__EXERCISE PROMPT__. Your copy should hold only the lines from the one with "仓山区治违办公布今年第十七批" to the one with "This rocking sofa", both included, each exactly as it stands below, with no pictures.

[[ SUPPLIED ENTRIES, beginning ]]

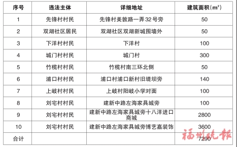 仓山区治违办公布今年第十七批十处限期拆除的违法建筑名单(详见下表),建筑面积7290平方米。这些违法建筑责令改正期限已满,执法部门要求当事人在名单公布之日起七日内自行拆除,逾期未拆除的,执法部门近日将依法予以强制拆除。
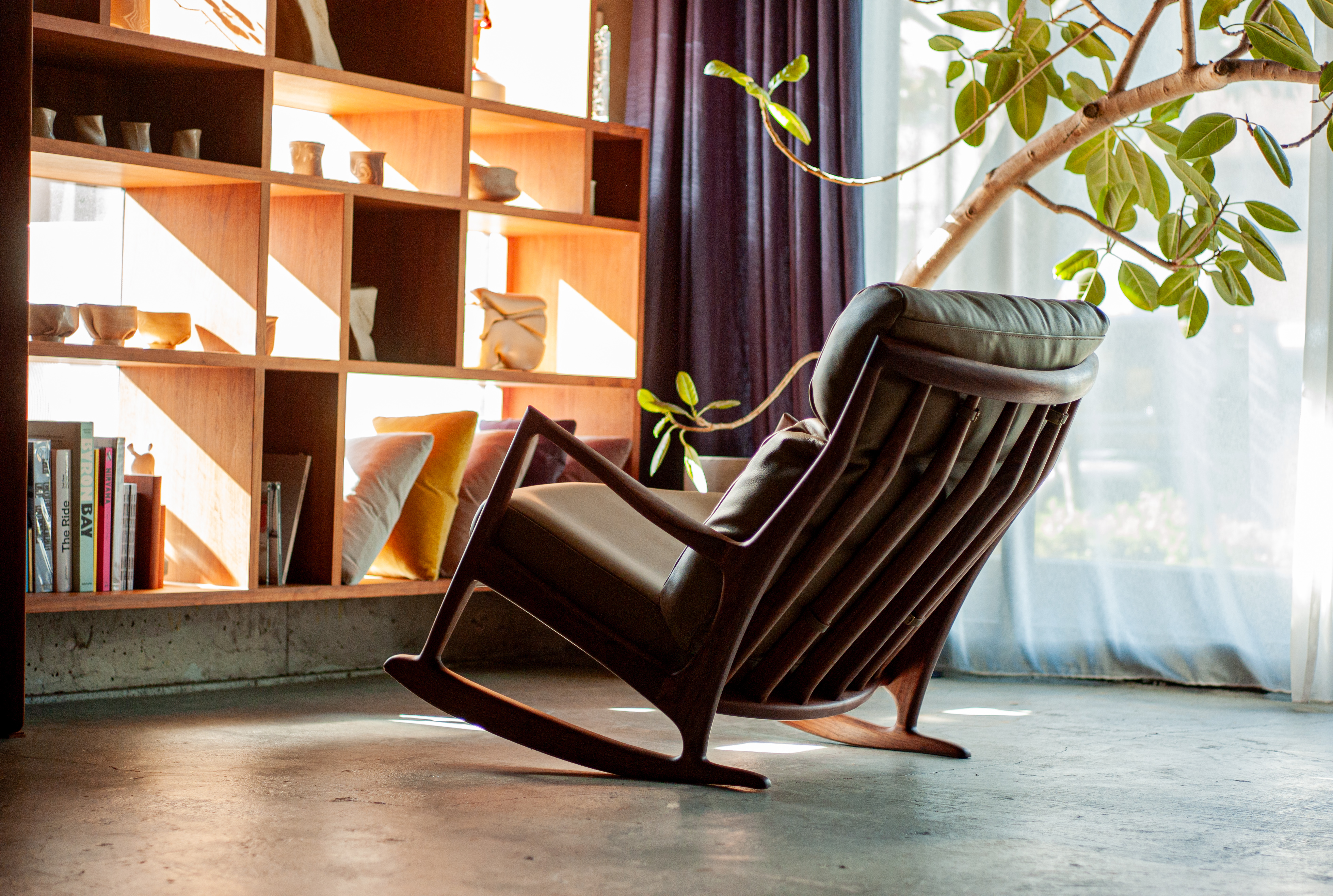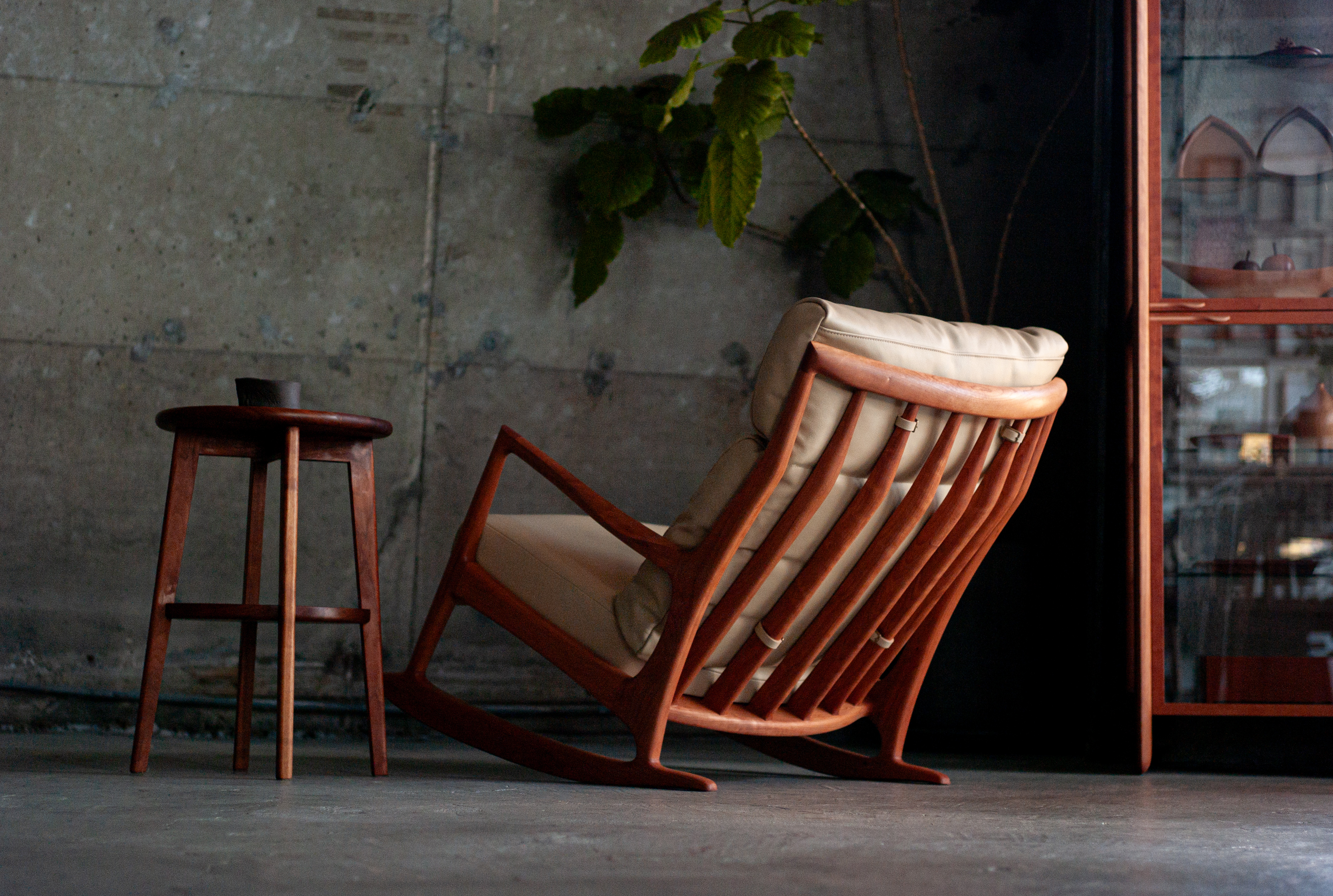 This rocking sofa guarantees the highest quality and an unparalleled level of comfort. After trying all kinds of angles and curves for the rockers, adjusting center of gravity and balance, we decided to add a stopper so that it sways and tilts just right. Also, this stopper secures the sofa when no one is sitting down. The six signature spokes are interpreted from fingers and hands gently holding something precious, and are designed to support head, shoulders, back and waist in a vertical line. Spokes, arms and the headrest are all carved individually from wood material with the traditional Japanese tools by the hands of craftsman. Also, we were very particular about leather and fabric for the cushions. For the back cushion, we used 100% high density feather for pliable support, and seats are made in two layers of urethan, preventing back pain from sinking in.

[[ SUPPLIED ENTRIES, end ]]
[[ SUPPLIED ENTRIES, beginning ]]

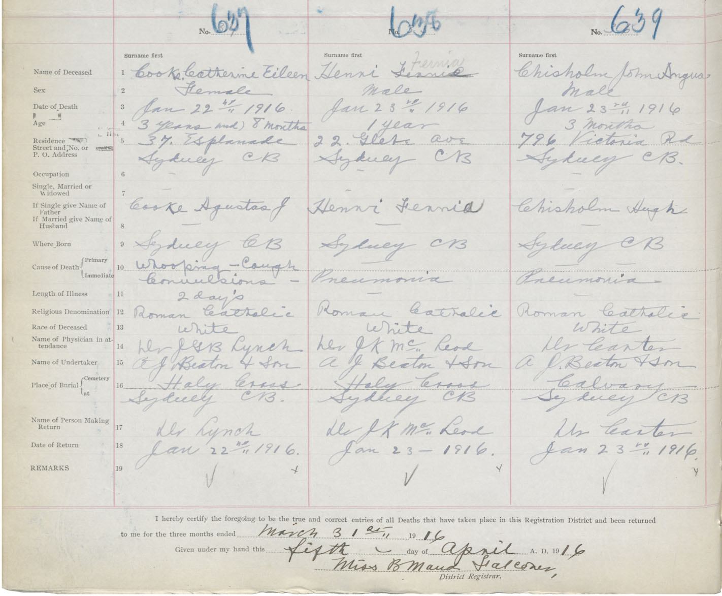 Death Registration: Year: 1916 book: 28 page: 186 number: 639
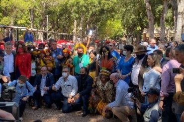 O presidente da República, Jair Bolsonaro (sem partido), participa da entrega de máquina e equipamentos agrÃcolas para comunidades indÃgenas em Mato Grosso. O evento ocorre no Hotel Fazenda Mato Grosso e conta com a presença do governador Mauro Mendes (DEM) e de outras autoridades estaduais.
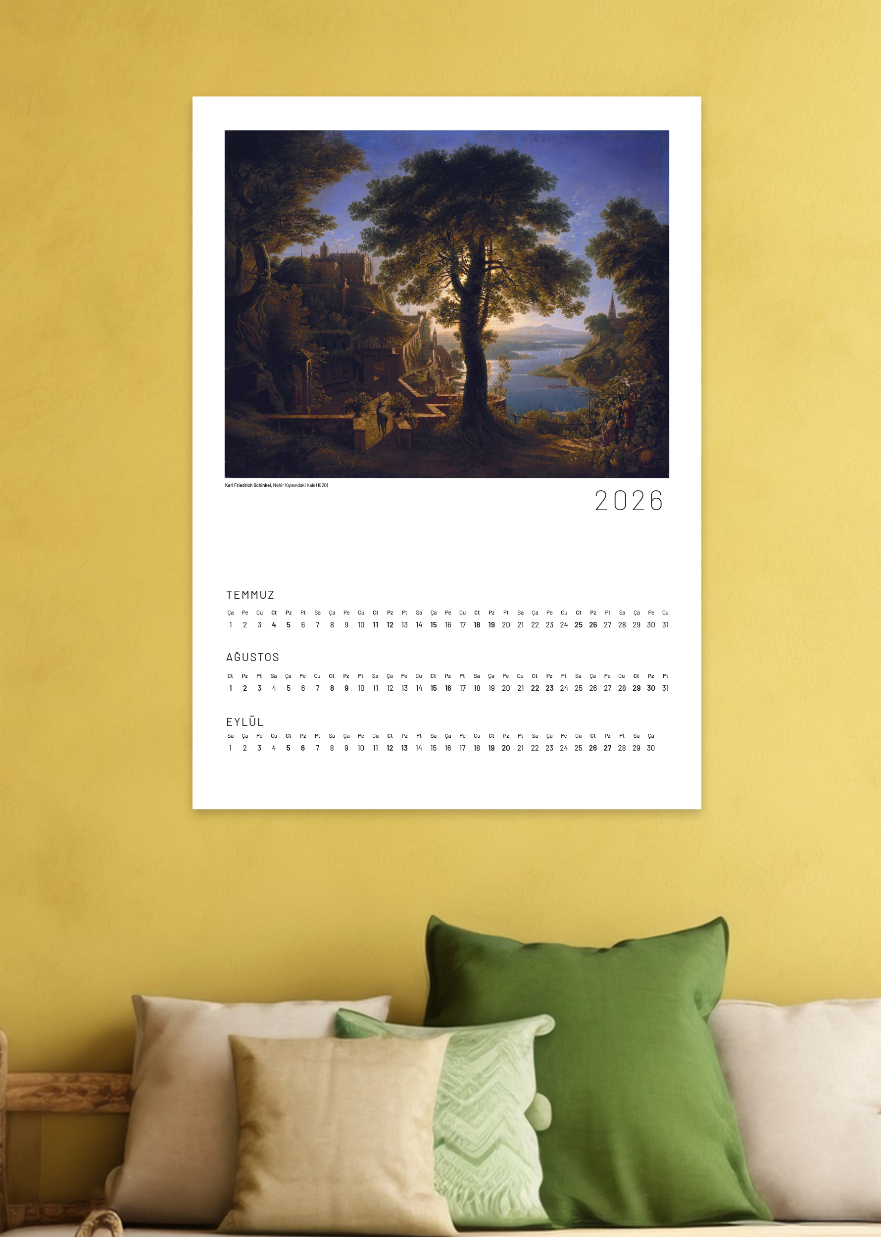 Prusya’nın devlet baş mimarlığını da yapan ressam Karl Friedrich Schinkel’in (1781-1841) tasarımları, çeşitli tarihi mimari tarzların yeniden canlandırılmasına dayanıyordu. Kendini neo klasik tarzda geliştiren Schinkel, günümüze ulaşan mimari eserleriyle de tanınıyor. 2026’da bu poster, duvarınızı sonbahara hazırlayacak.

[[ SUPPLIED ENTRIES, end ]]
[[ SUPPLIED ENTRIES, beginning ]]

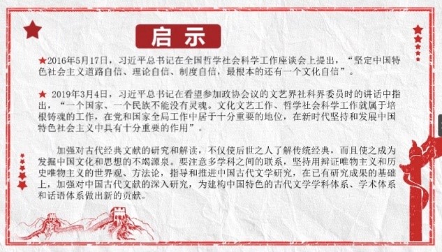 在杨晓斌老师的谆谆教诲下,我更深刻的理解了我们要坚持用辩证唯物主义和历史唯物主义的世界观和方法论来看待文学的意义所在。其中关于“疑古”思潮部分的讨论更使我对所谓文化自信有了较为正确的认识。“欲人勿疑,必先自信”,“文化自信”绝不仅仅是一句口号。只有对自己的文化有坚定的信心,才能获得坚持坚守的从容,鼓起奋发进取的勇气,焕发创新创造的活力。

[[ SUPPLIED ENTRIES, end ]]

__WRITTEN ANSWER__.
 仓山区治违办公布今年第十七批十处限期拆除的违法建筑名单(详见下表),建筑面积7290平方米。这些违法建筑责令改正期限已满,执法部门要求当事人在名单公布之日起七日内自行拆除,逾期未拆除的,执法部门近日将依法予以强制拆除。
 This rocking sofa guarantees the highest quality and an unparalleled level of comfort. After trying all kinds of angles and curves for the rockers, adjusting center of gravity and balance, we decided to add a stopper so that it sways and tilts just right. Also, this stopper secures the sofa when no one is sitting down. The six signature spokes are interpreted from fingers and hands gently holding something precious, and are designed to support head, shoulders, back and waist in a vertical line. Spokes, arms and the headrest are all carved individually from wood material with the traditional Japanese tools by the hands of craftsman. Also, we were very particular about leather and fabric for the cushions. For the back cushion, we used 100% high density feather for pliable support, and seats are made in two layers of urethan, preventing back pain from sinking in.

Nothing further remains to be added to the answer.